The Royal Norwegian Air Force (RoNAF) has retired its last F-16 Fighting Falcon fourth generation fighters as its new generation of F-35A Lightning II Joint Strike Fighters take over all combat aviation duties. Norway was the first European country to activate an F-35 squadron, doing so in December 2019, after receiving its first aircraft just months after the U.S. Air Force in 2015. The country has long had a special defence relationship with the United States, with the country remaining outside the European Union but playing a vital role in projecting NATO power into and furthering Western interests in the Arctic including hosting growing numbers of U.S. assets. The country is also the first in the world to have a fighter fleet comprised entirely of fifth generation stealth aircraft, which was made possible by the small size of its forces and the priority it was allocated for F-35 deliveries. The F-35 is currently limited to a basic initial operating capability, and it is expected to be many years before it is considered ready for high intensity combat. The Pentagon has continued to delay certifying it for full scale production due to years long delays in solving performance issues that would provide a fuller combat capability. 
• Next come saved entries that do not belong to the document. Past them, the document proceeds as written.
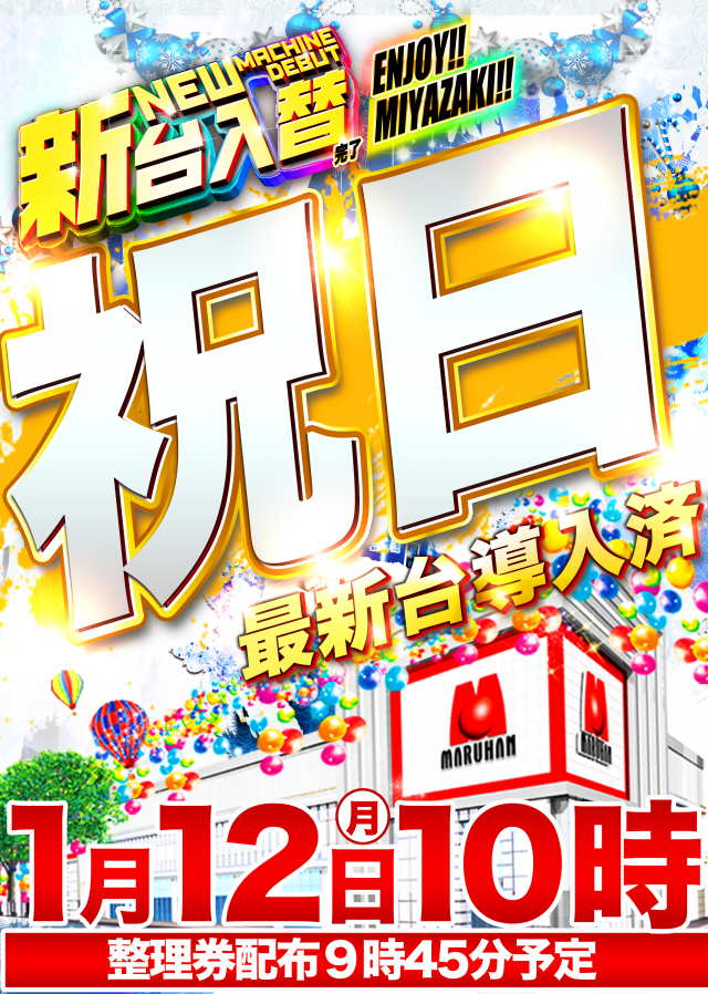 1月12日(月)最新台導入済!祝日もマルハンへ!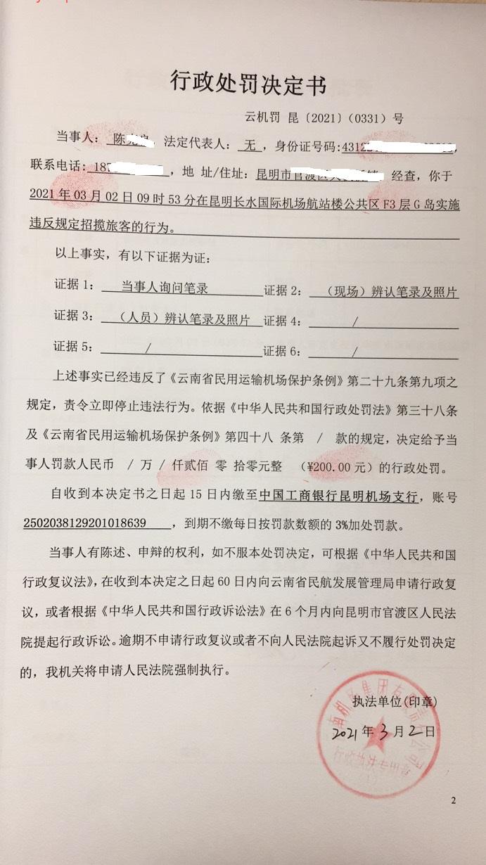 行政处罚决定书 云机罚 昆{2021} (0331)号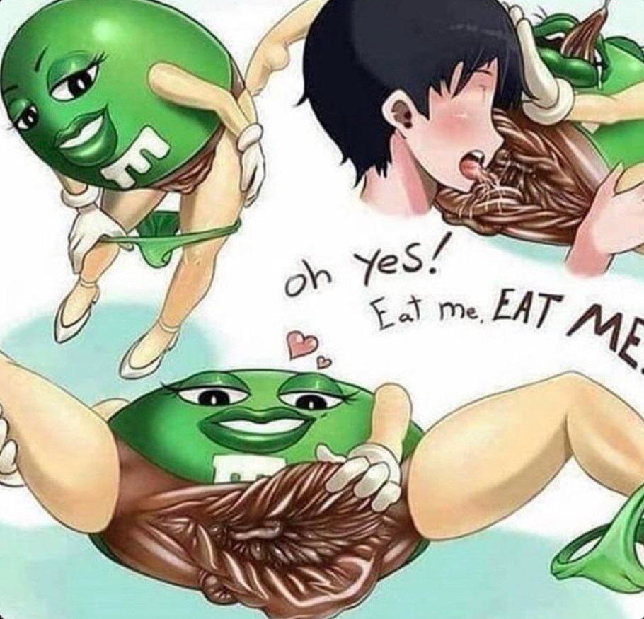 i want to fuck the green m&m so badlyi want to fucking destroy her green pussy with my monster m&m craving cockjesus christ shes so fucking hot with her sexy ass lips and her slender legsi just wanna grab her smooth candy covered sides and ram my cock straight between her slippery dripping legsi wanna make the green m&m my bitchturn her into a cum craving slut whos sole purpose is slobbering down my hunk spunk(edited)every waking moment of my life i spend vigorously masturbating to how sexy she isi imagine showering her with my creamy baby gravy while she licks it up and calls me a good b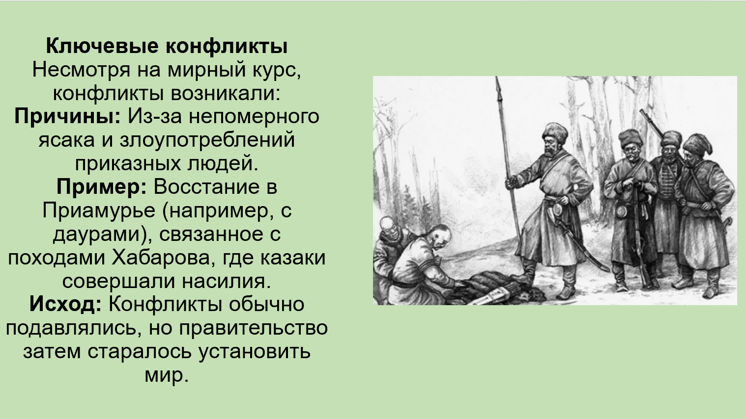Добавить текст Озвучить Вернуть оригиналЗащита: Правительство стремилось прекратить губительные межродовые усобицы и защищало нерусское население от чрезмерной эксплуатации со стороны казаков и промышленников.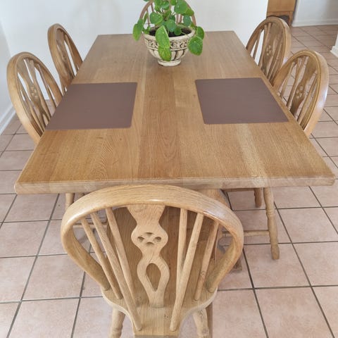 Spisebord med 6 stole og 2 tillægsplader i massiv bøg i fin stand, med det trænger til en rengøring.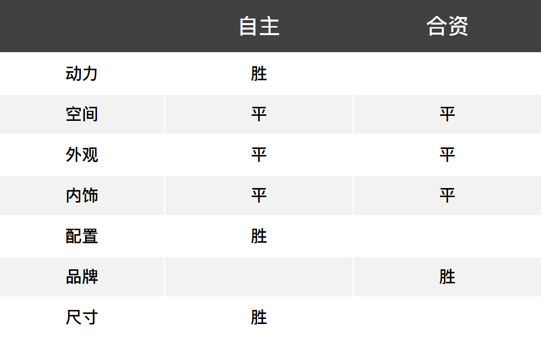 因此,从10万到13万再到20万的对比,我们能够发现自主车型与合资车的PK慢慢地变得有意思起来,在低价位市场,合资车由于售价太低,因此偏科严重,往往是只能保留一点机械水平上的优势,而在其它方面表现完败,这时候选择自主车型往往才是更靠谱的,而13万的紧凑型车市场里合资车与自主车型也只能是勉强打个平手,这里多说一句,在13万左右的轿车市场几乎是合资车垄断,而13万的SUV市场则是自主车的天下;而一旦来到高价位20万左右,合资车开始全力造车时,自主车则显得有些疲软,到了这个价位,显然选择合资车还是更加靠谱一些。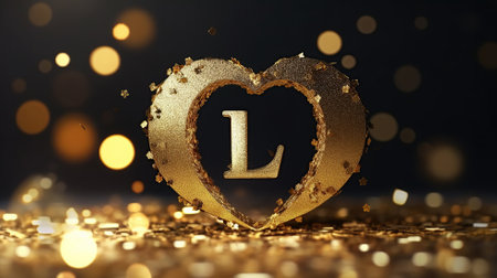 Letter L. Elegant background with golden heart frame elements and glitter light effect decoration created by Generative AI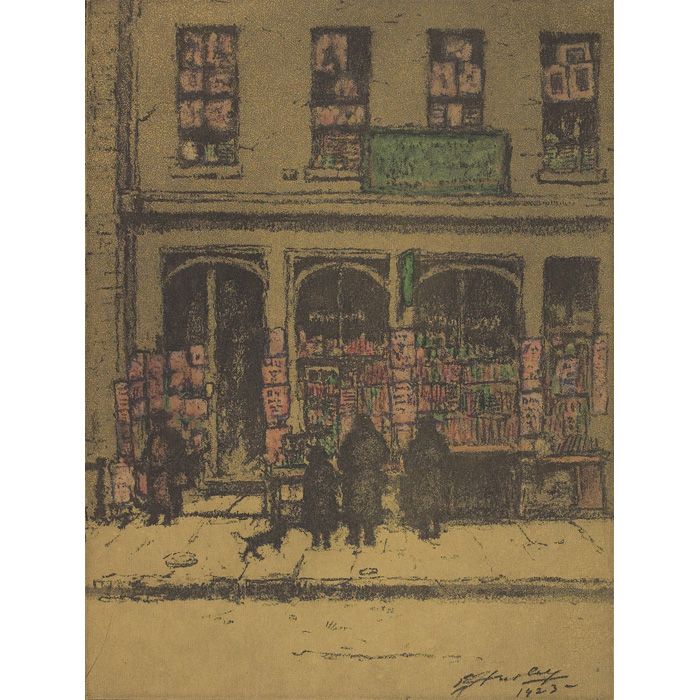 front of a book store with figures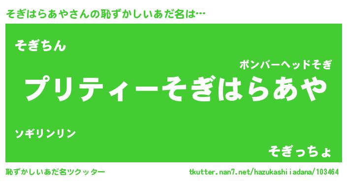 そぎはらあやさんの恥ずかしいあだ名は… 『プリティーそぎはらあや』『そぎちん』『そぎっちょ』 ツクッター #恥ずかしいあだ名ツクッター http://tkutter.nan7.net/hazukashiiadana/103464/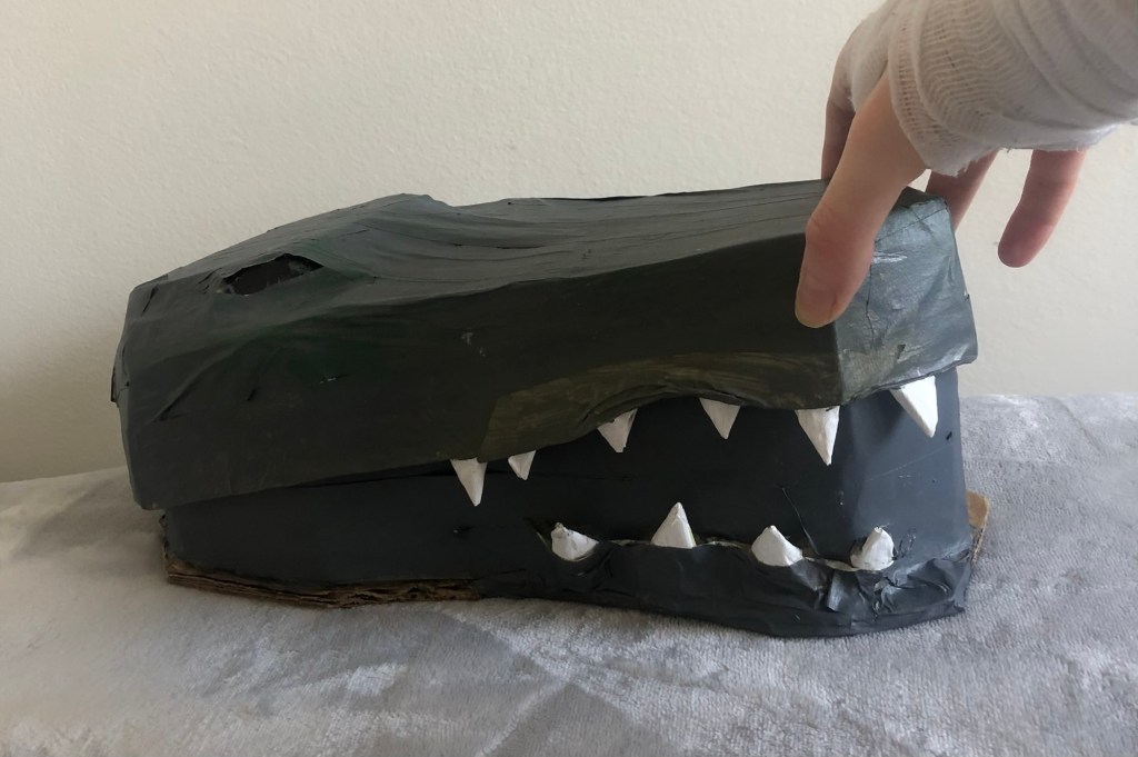 Creating specialized packaging for crocheted crocodile cat-hat.
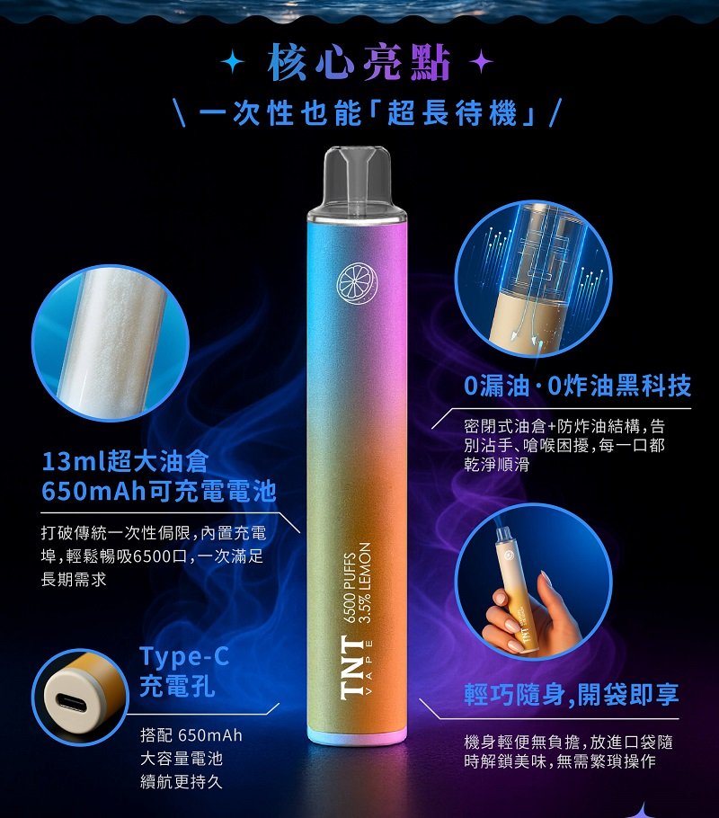 • 13ml超大油倉+650mAh可充電電池:打破傳統一次性侷限,內置充電埠,滿電輕鬆暢吸6500口,一次滿足長期需求
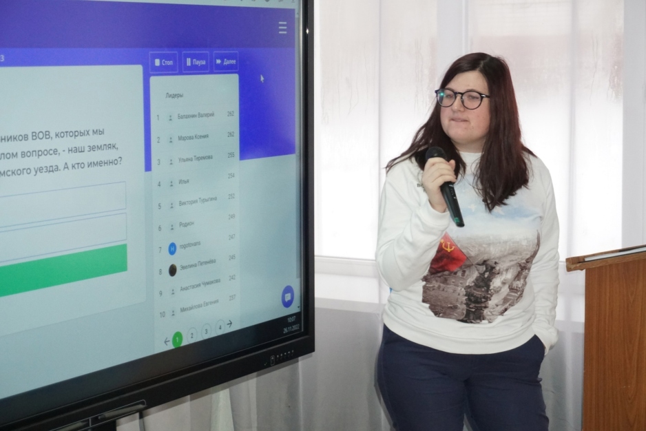 25 ноября прошел второй, практический этап. Перед участниками форума выступила заместитель руководителя Ивановского регионального отделения движения "Волонтеры Победы" Анна Кузнецова и рассказа о добровольчестве, проводимых мероприятиях в регионе и провела историческую игру.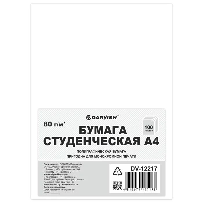 Бумага студенческая А4 100л Darvish 80г/м2 DV-12217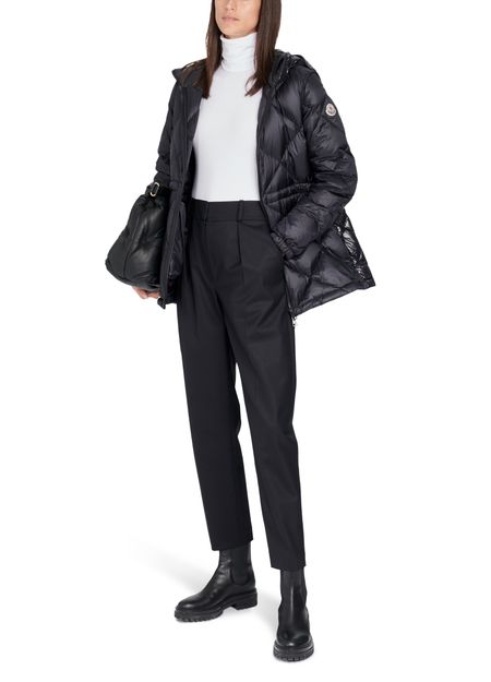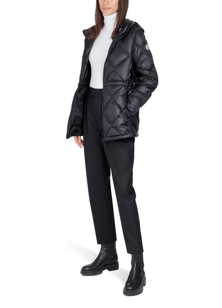 La doudoune Sargas est signée Moncler. Cette pièce à l'effet matelassé offre une coupe longue et ceinturée à la taille. Une doudoune monochrome particulièrement féminine et élégante.

The RoNAF announced on January 6th regarding the retirement of the last F-16s: “In dense snow drifts on Evenes, the F-35 started today the job of looking after Norwegian airspace. At the same time, the F-16 was thanked for 42 years of service for Norway and NATO.” The F-16 has increasingly been considered obsolete, having first entered service in 1978, with most major operators moving to reduce the number of units operational and consider options for replacement. Indeed, U.S. Air Force Air Combat Command chief General Mike Hostage predicted that the fighter would be essentially obsolete by the year 2024, with similar predictions being made widely, although American efforts to extent the fighter’s service life and modernise its armaments and avionics have been pursued out of necessity due primarily to delays with the F-35 program. Limitations on the F-35’s capabilities mean that Norway will be more heavily reliant than before on foreign support particularly for air defence in the event of actual combat, as its F-16s, although old, were still fully operational to a degree the F-35s are unlikely to reach before 2025. The F-35 is currently one of just two fifth generation fighters in the world in production and fielded at squadron level strength, alongside the Chinese J-20, and is expected to form the backbone of NATO air power for decades to come.